Tuesday, August 14, 2018

Runaway plane

For those who find Catholicism appealing, a major source of appeal is the notion of a living oracle. It's a nice idea. No doubt most Bible commentators wish they could interview the Bible writer they strive to interpret.

There are some familiar challenges for Protestants. A few books of the canon are less securely attested than others. The text of the NT is very secure. The text of some OT books less so–although that's more problematic if you're an Orthodox Jew.

The OT contains some passages that make Christian readers queasy. Mind you, we could say the same thing about what happens in the world around us. And it's not as if atheism is in a position to moralize. 

But despite the difficulties of the Protestant faith, which are easy to exaggerate, the Bible doesn't change. There are no surprises. It is what it is. We know exactly what we signed up for. 

By contrast, Catholicism is a runaway plane. The pilot is locked in the cockpit, behind an impenetrable door. The passengers are trapped. They must go wherever the pilot takes them. Francis is like a pilot tripping out on acid.
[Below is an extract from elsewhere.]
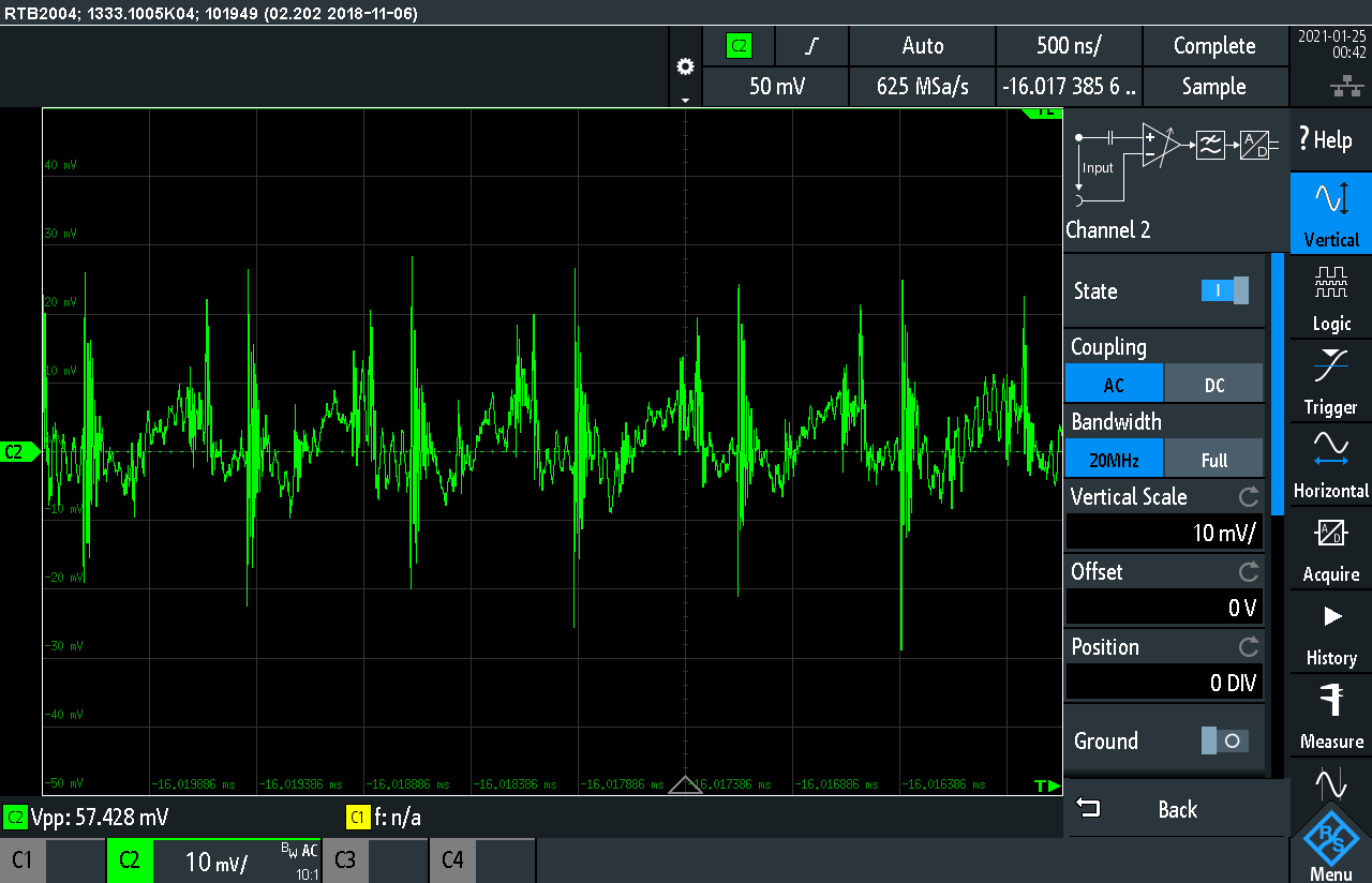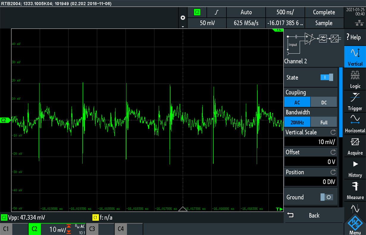 4) Vin under load has about +/-30mV p-p noise as shown in capture below
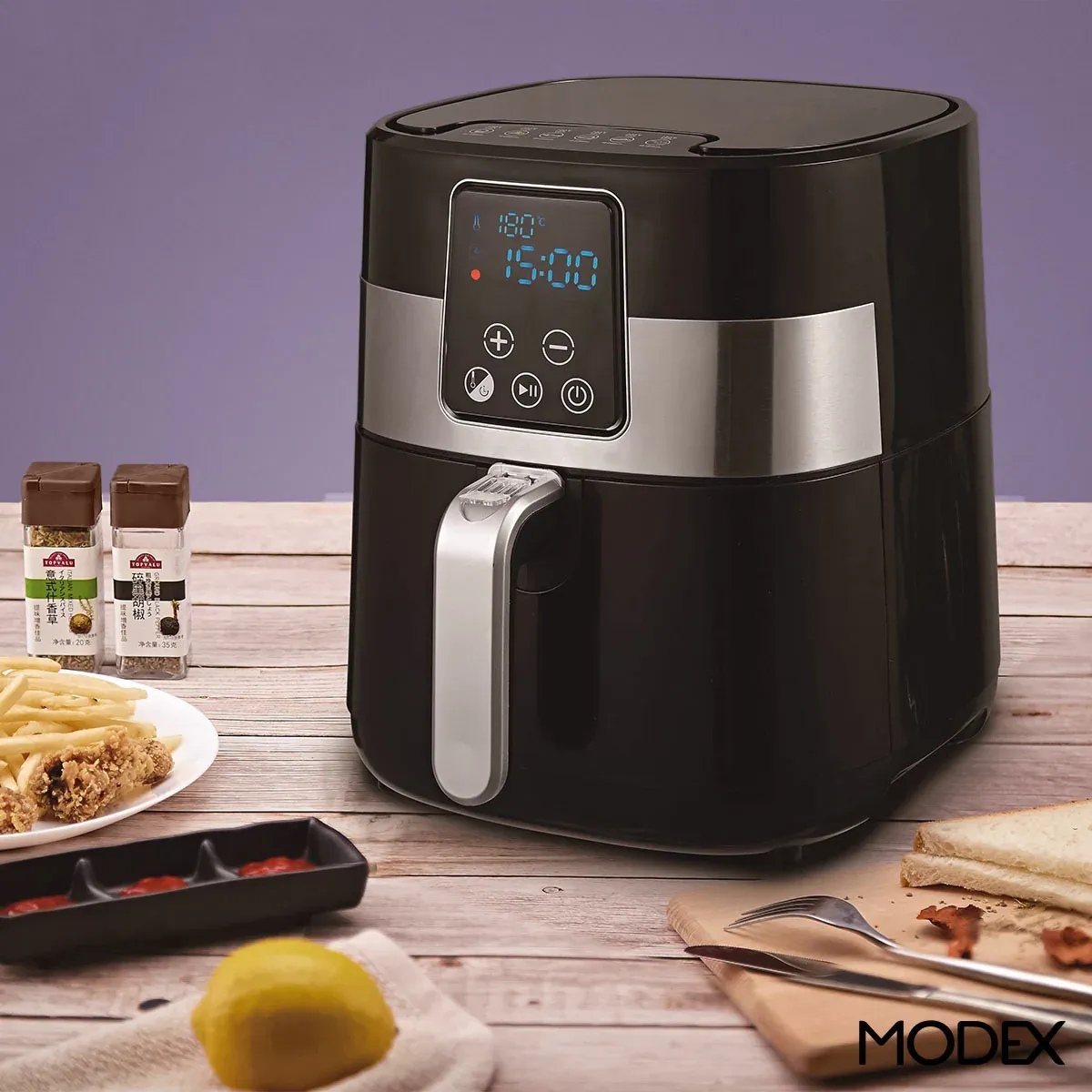 مهمترین ویژگی سرخ کن مودکس طراحی جمعوجور و خوشفرمشه که هم جای زیادی روی کابینت نمیگیره و هم به آشپزخونه ظاهر مدرن میده. ظرفیت ۳.۵ لیترش برای خانوادههای کمجمعیت یا درست کردن یه وعده سالم و سریع عالیه. از اون طرف، فناوری گردش هوای سریع باعث میشه غذا بدون روغن اضافی، همونقدر برشته و خوشمزه بشه. وجود صفحه کنترل لمسی با نمایشگر LED هم همهچیز رو خیلی ساده کرده؛ فقط کافیه دما و زمان رو انتخاب کنی تا دستگاه باقی کار رو خودش انجام بده.

Just in the last few weeks, there's the ever-enveloping Cardinal McCarrick scandal. Like vampires, queer bishops propagate their own. 

You have the death penalty bombshell dropped by Francis. And now there's the grand jury report in Pennsylvania:

Extrapolate from that to other states and other countries, then just imagine the scale of the contagion.

That's one of the problems with a living oracle. It's destination unknown, and you're along for the ride whether you like it or not. Can't open the door and walk away at 40,000 altitude.  

Over at Called to Communion, they live under a glass dome. A climate-controlled utopia with fawns and flowers, songbirds and butterflies.  


  1. Remember when they were saying it was only 1% of all priests? And that “there’s sex abuse in Protestant churches and also public schools as well”? That was the hand-wave that was supposed to dismiss all of this.

  2. Newman didn't believe in papal infallibility. But then it became papist dogma. He found that hard to reconcile.